Aluminum Foil And Baking Soda
Best For Stainless Steel Cookware with light to moderate burnt spots
Using aluminum foil and baking soda provides a gentle abrasive action to help remove burnt-on food from the pot. However, it is not recommended to use nonstick coating cookware as it can scratch the surface. Here is how to clean your burnt pots and pans using aluminum foil and baking soda
- Allow the burnt pot to cool down completely before starting the cleaning process, and fill the pot with warm water, ensuring that the burnt areas are fully submerged.
- Generously sprinkle baking soda directly onto the burnt spots in the pot, ensuring that the entire affected surface is covered.
- Take a sheet of aluminum foil and scrunch it into a ball or pad. This will create a mildly abrasive tool to help scrub the burnt residue.
- Using scrunched aluminum foil to scrub the pot, focusing on the burnt areas. Apply gentle pressure and use circular motions to work the baking soda into the burnt-on food, loosening it from the pot's surface.
- After scrubbing the pot, rinse it thoroughly with warm water to effectively remove any baking soda residue. If there are still stubborn burnt areas, you can repeat the process or create a paste of baking soda and water. Apply the paste to the burnt spots, let it sit for a while, and then scrub the pot again using aluminum foil or a non-abrasive sponge.
- Once you have finished cleaning, rinse the pot thoroughly with warm water, ensuring the removal of any remaining residue or cleaning agents. After rinsing, dry the pot with a towel or let it air dry completely before storing.
Best For Heavily Stained Stainless Steel or metal cookware
Using a ball of stainless steel wool provides a rough surface to help remove burnt-on food from the pot, as the rough surface will help remove any residue. It is best to use for uncoated stainless steel pans, and avoid using it on any nonstick as it can damage the surface. To clean burned and stained stainless steel pans, here are the steps:
- Allow the burnt pot to cool down, and fill the pot with warm water, ensuring that the burnt areas are fully submerged.
- Wet the stainless steel dish scrubber with water and scrub the pot, focusing on the burnt areas. Apply gentle pressure while using circular motions to effectively loosen the burnt-on food from the surface of the pot. The abrasive surface of the scrubber will help remove the residue.
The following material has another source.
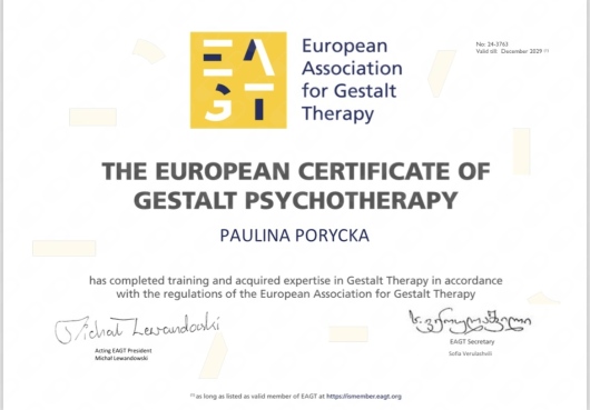 Jestem certyfikowaną psychoterapeutką gestalt. Praca psychoterapeutyczna w tym podejściu polega na poszerzaniu pola świadomości Klients, dzięki czemu otwierają się przed nią/nim nowe wybory postępowania i odbioru siebie, innych i świata. Bycie psychoterapeutką gestalt oznacza dla mnie osadzenie w „tu i teraz”, pracę w oparciu o relację terapeutyczną, stwarzanie przestrzeni na dialog, pracę z ciałem i doświadczenia. Ukończyłam czteroletnie całościowe studia psychoterapii gestalt w Szkole Psychoterapii Gestalt w Warszawie i uzyskałam certyfikat wydawany przez międzynarodową organizację EAGT (European Association of Gestalt Therapy), a moją pracę poddaję stałej superwizji u certyfikowanych superwizorów. Uczestniczę w kursach i treningach dodatkowych prowadzonych przez ekspertów z Polski i zagranicy. Pozwalają mi się one stale rozwijać i jeszcze lepiej rozumieć potrzeby osób zgłaszających się po pomoc. Mam wieloletnie doświadczenie w pracy z ludźmi i 6 lat doświadczenia w prowadzeniu indywidualnej praktyki psychoterapeutycznej. Każda osoba zgłaszająca się do mnie jest dla mnie jedyna w swoim rodzaju. Traktuję ją z szacunkiem, ciekawością, empatią i poufnością. Zapraszam Cię jeśli doświadczasz: -trudności w relacji z bliskimi, otoczeniem, sobą samym -stresu i trudności życiowych, z którymi jest Ci ciężko sobie radzić -zaburzeń adaptacyjnych -zaburzeń nastroju, depresji -poczucia braku sensu, smutku -niskiego poczucia wartości, braku wiary w siebie -straty bliskiej osoby -różnego rodzaju lęku, niepokoju którego źródło jest dla Ciebie trudne do zidentyfikowania. W pracy terapeutycznej kieruję się standardami zawartymi w Kodeksie Etycznym Polskiego Towarzystwa Psychoterapii Gestalt i EAGT. Oferta -Konsultacje psychoterapeutyczne Pierwsze 2-3 spotkania to spotkania konsultacyjne. Służą one poznaniu się terapeuty i klienta, zidentyfikowaniu rodzaju kłopotów jakich klient doświadcza, określeniu planu działania i kontraktu psychoterapeutycznego. Konsultacje psychoterapeutyczne mogą być same w sobie tym, czego klient potrzebuje i na tym poprzestaje, lub są otwarciem procesu psychoterapeutycznego. Czas trwania konsultacji:50 minut. koszt: 230 zł -Psychoterapia indywidualna gestalt Po konsultacjach, jeśli klient i psychoterapeuta tak ustalą, rozpoczyna się psychoterapia. Są to spotkania zwykle 1 raz w tygodniu i ich charakter jest dostosowany do potrzeb klienta. Czas psychoterapii jest zależny od trudności, jakich doświadcza klient i od jego potrzeb. Czas trwania sesji psychoterapeutycznej: 50 minut koszt: 230 zł -Psychoterapia par / małżeństw Zapraszam na psychoterapię pary / małżeństwa doświadczające kryzysu relacji. W psychoterapii pary klientem jest relacja, a praca terapeutyczna skupia się na poprawieniu komunikacji między partnerami. Sesja psychoterapeutyczna pary trwa 90 minut. koszt: 400 zł Swoją pomoc oferuję osobom dorosłym. Psychoterapię prowadzę w języku polskim, angielskim i francuskim. Koszt sesji to 300 zł. Zapraszam do umówienia wizyty przez kalendarz lub pod wskazanym numerem telefonu.

- If desired, you can add a small amount of dish soap to the pot to enhance the cleaning power. Mix the dish soap with the water and continue scrubbing. Continue scrubbing the pot until you have removed the burnt residue.
- After scrubbing the pot, make sure to rinse it thoroughly with warm water to remove any lingering residue or soap. If there are still stubborn burnt areas, you can repeat the process by adding more water and scrubbing with the stainless steel dish scrubber.
- Be sure to dry the pot with a towel or let it air dry completely before storing.